杜心谷观察了下四周,寻到进入森林前,用剑留下痕迹的那颗树前,以断剑做铲子,将掩盖的土刨开后,土里露出来一块布,顺手一提,拉出来,打开布里包裹的银两,点点头不多不少,都在。
此地毕竟远离繁杂,没人动过。
将公羊保的那份,原封不动的递给他,又将剩下的银两揣入怀里,问道“前辈你解了益气毒的枷锁,接下来还是要去找升天教算账吗?”
公羊保目向远方叹道“不去了,这一路上我想了很多,升天教这颗毒瘤,只靠我目前的功力,是铲不掉的,上次砸升天教的场子,其实是因为在路上遇到一个老婆婆哭泣孩子入了升天教后再也没回,心有对升天教的愤恨,想着就一个郡的分支而已,闹一闹没什么,结果给捅了马蜂窝,撞上了。”

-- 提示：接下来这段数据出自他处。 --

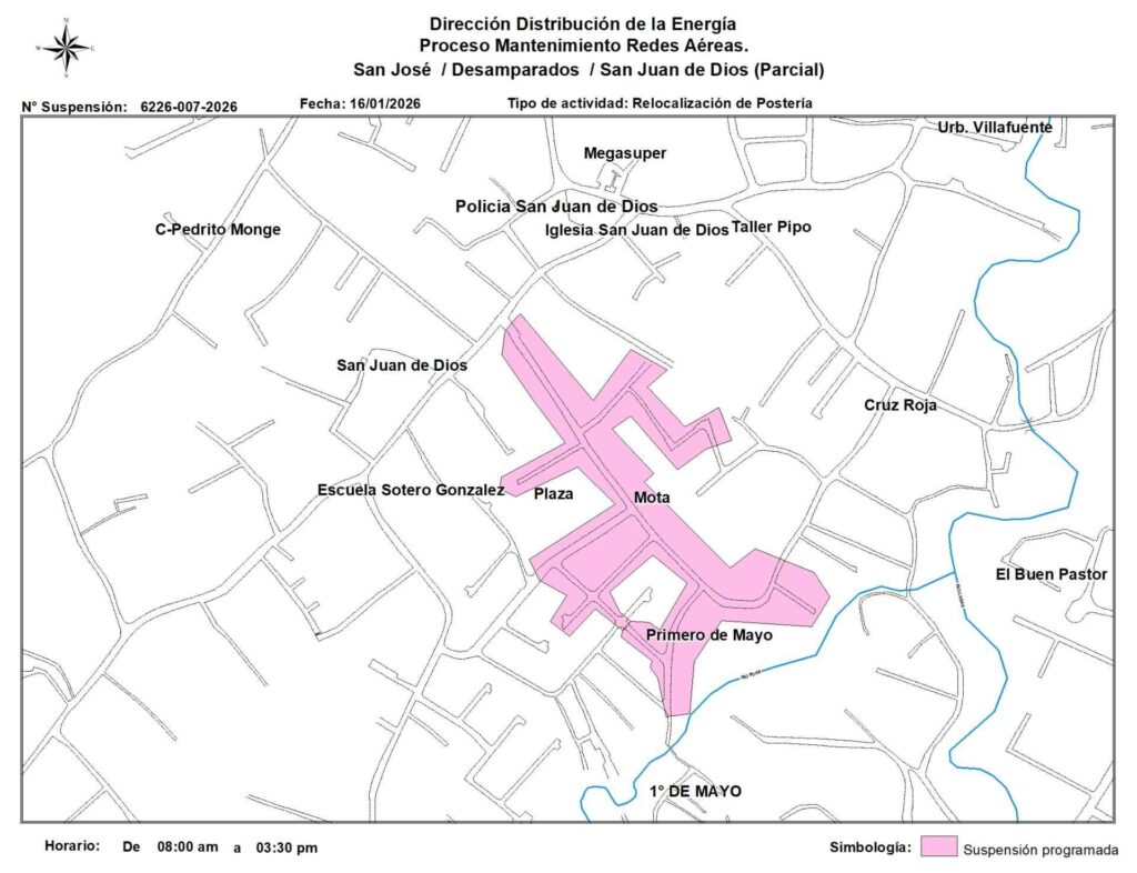 La Compañía Nacional de Fuerza y Luz (CNFL) informó sobre un corte de electricidad programado para este viernes 16 de enero en el cantón de Desamparados, provincia de San José.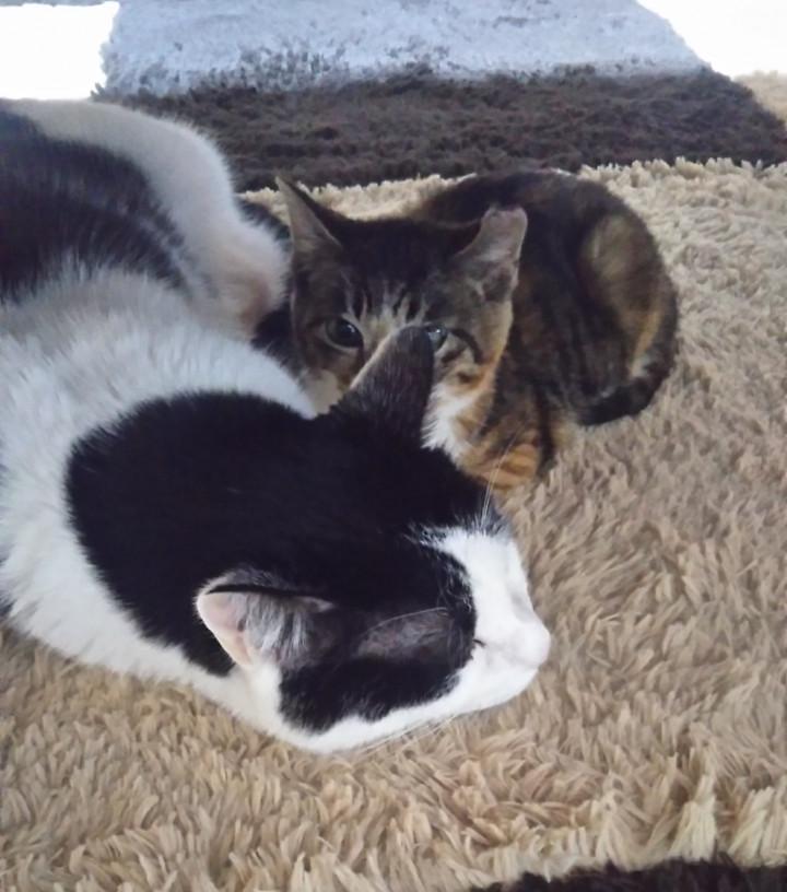 お水も2個用意してあるのに同じところから飲んでます >w<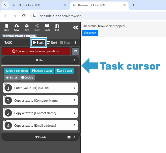 Click "Stop" in the top left corner of the task menu to halt the virtual browser. This action returns the task cursor to the beginning.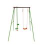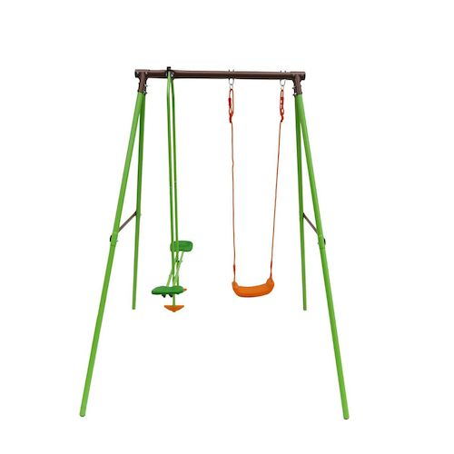Portique en acier Lola - 2 agrès - 1 balançoire - 1 face à face - 206 x 156 x 196 cm - Coloris : vert, chocolat et orange.
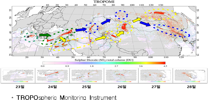 한편 국립환경과학원은 아시아 지역 내로 이동하기까지 하루 1~2회 정도 관측이 가능한 유럽의 저궤도환경위성(TROPOMI*) 자료를 연결해 에토나 화산가스의 움직임을 파악했다.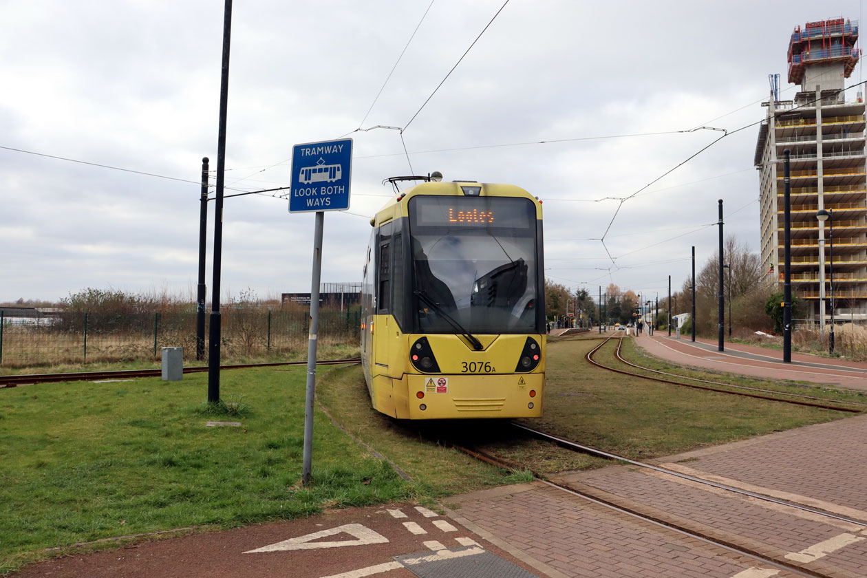 Then on 17th March 2025 we are in the same place as we see M5000 3076 also rounding the curve on the way to Eccles. As well as a change of type of tram there has been some development around the tramway here in the intervening 12 years (and indeed since this image was taken things have progressed further). With it being earlier in the year the grass is greener too and with the image being taken from a slightly different angle we can make out the MediaCityUK access track more clearly. (Both Photographs by Gareth Prior)

旋即,摩挲着紫虹剑咬牙切齿道“这次得了血兰果,固有的境界开始紊乱,离下一层不远了,待我突破功力更进一步,倘若有足够把握,必将升天教连根拔起。”
杜心谷试探着问道“那前辈,我们接下来要去哪里?”
公羊保轻飘飘道“你愿意跟我走?”
杜心谷眼神坚定的看着公羊保道“我本想与世无争,奈何这世道偏要逼我,我与原来升天教的孟山无冤无仇,可给我喂了续毒散,我因不忍良善被升天教毒害,升天教要追杀我,我不想给刺史大人卖命,可刺史大人以势压我,更何况听前辈意思,汉国已乱象丛生,这妖魔鬼怪的世道,倘若我手无缚鸡之力,就像随波逐流的浮萍,朝不保夕,安身立命何其难,纵然一时风平浪静,怎料来日祸从天降?”
杜心谷红着眼睛继续道“跟随前辈的这些时日,方知这世间武学之精彩,倘若错过前辈,我杜心谷注定这一世也就是个平平常常的武者,用前辈的话来说,我不要这庸庸碌碌的过活,我不要看人脸色行事,若有一天,我能跟上前辈的脚步,愿与前辈并肩作战,前辈到时当知,你心中的剑道,不再孤独。”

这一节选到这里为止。